#### Work order:
Leave the images out. Give every line below again, precisely.

#### Data provided:
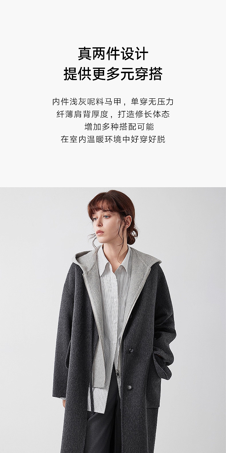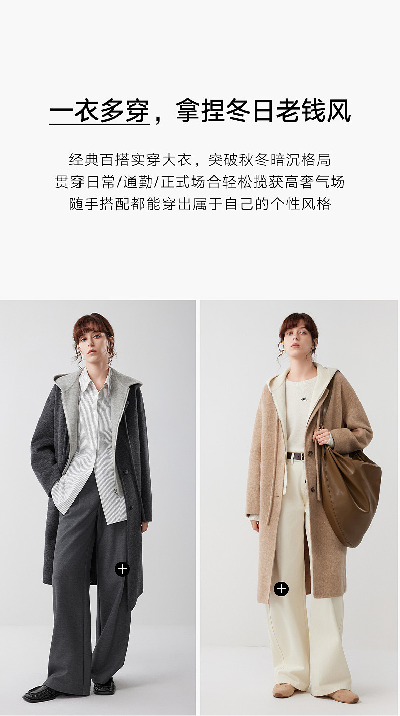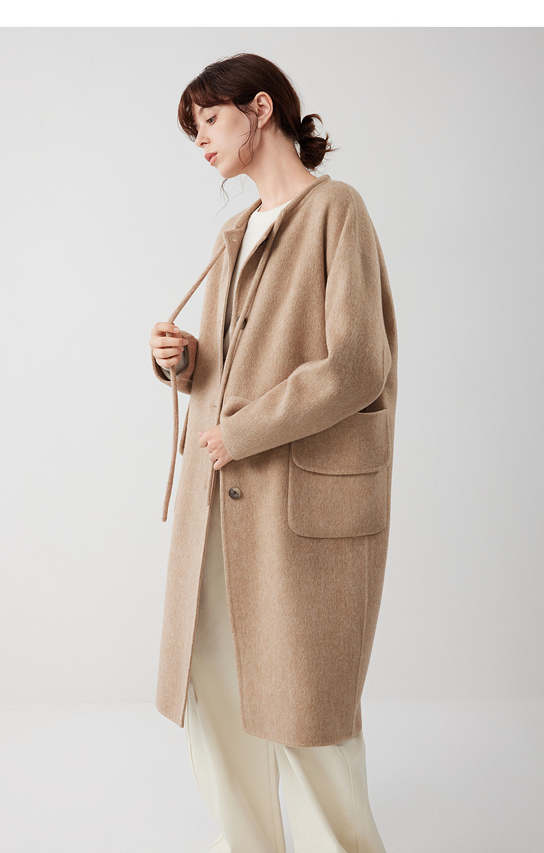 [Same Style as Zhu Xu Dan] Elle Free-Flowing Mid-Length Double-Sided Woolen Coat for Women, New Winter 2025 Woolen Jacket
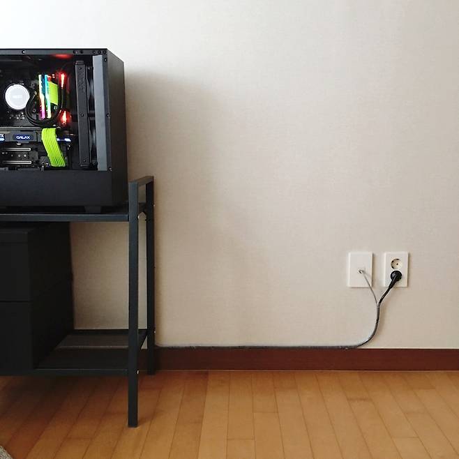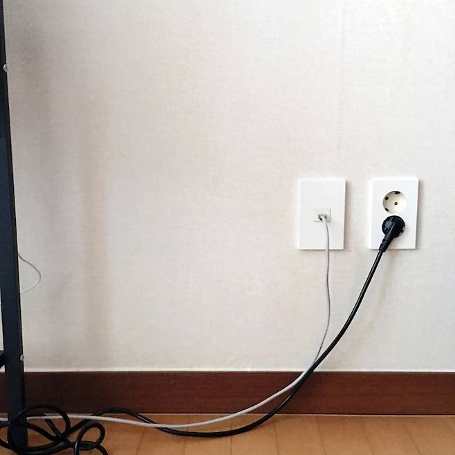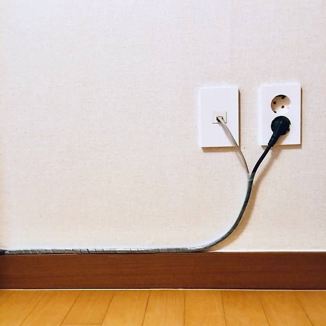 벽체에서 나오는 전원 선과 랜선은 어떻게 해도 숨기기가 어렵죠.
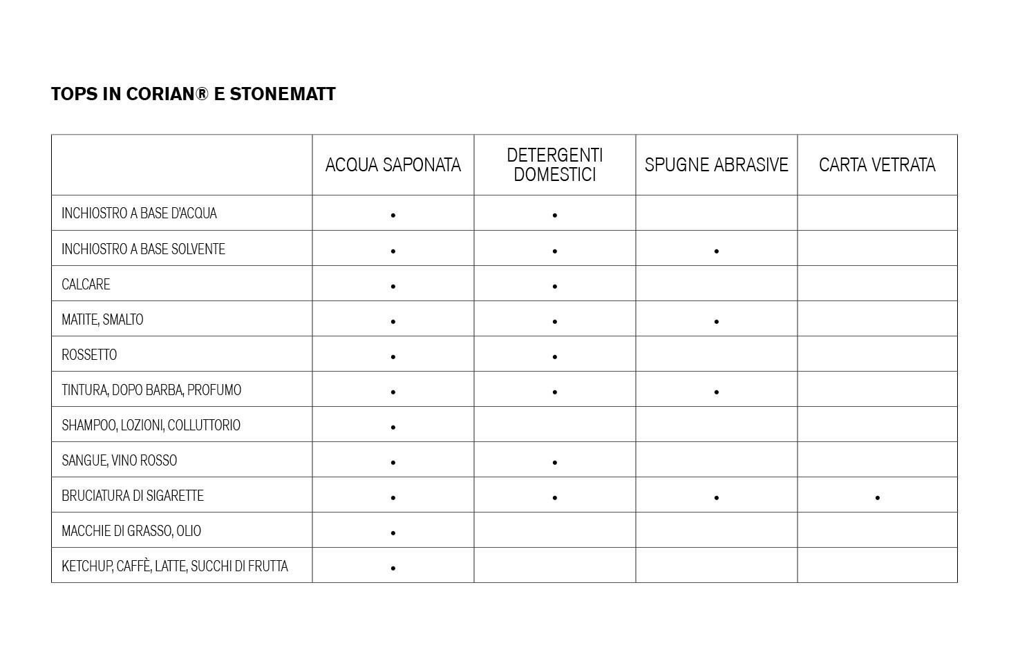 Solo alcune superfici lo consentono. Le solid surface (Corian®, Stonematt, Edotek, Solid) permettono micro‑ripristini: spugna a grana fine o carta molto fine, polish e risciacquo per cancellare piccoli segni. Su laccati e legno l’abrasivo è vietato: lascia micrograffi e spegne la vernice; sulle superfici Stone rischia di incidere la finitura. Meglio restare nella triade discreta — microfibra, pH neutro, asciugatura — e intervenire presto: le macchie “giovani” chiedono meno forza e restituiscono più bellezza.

#### Exercise response:
 [Same Style as Zhu Xu Dan] Elle Free-Flowing Mid-Length Double-Sided Woolen Coat for Women, New Winter 2025 Woolen Jacket
 벽체에서 나오는 전원 선과 랜선은 어떻게 해도 숨기기가 어렵죠.
 Solo alcune superfici lo consentono. Le solid surface (Corian®, Stonematt, Edotek, Solid) permettono micro‑ripristini: spugna a grana fine o carta molto fine, polish e risciacquo per cancellare piccoli segni. Su laccati e legno l’abrasivo è vietato: lascia micrograffi e spegne la vernice; sulle superfici Stone rischia di incidere la finitura. Meglio restare nella triade discreta — microfibra, pH neutro, asciugatura — e intervenire presto: le macchie “giovani” chiedono meno forza e restituiscono più bellezza.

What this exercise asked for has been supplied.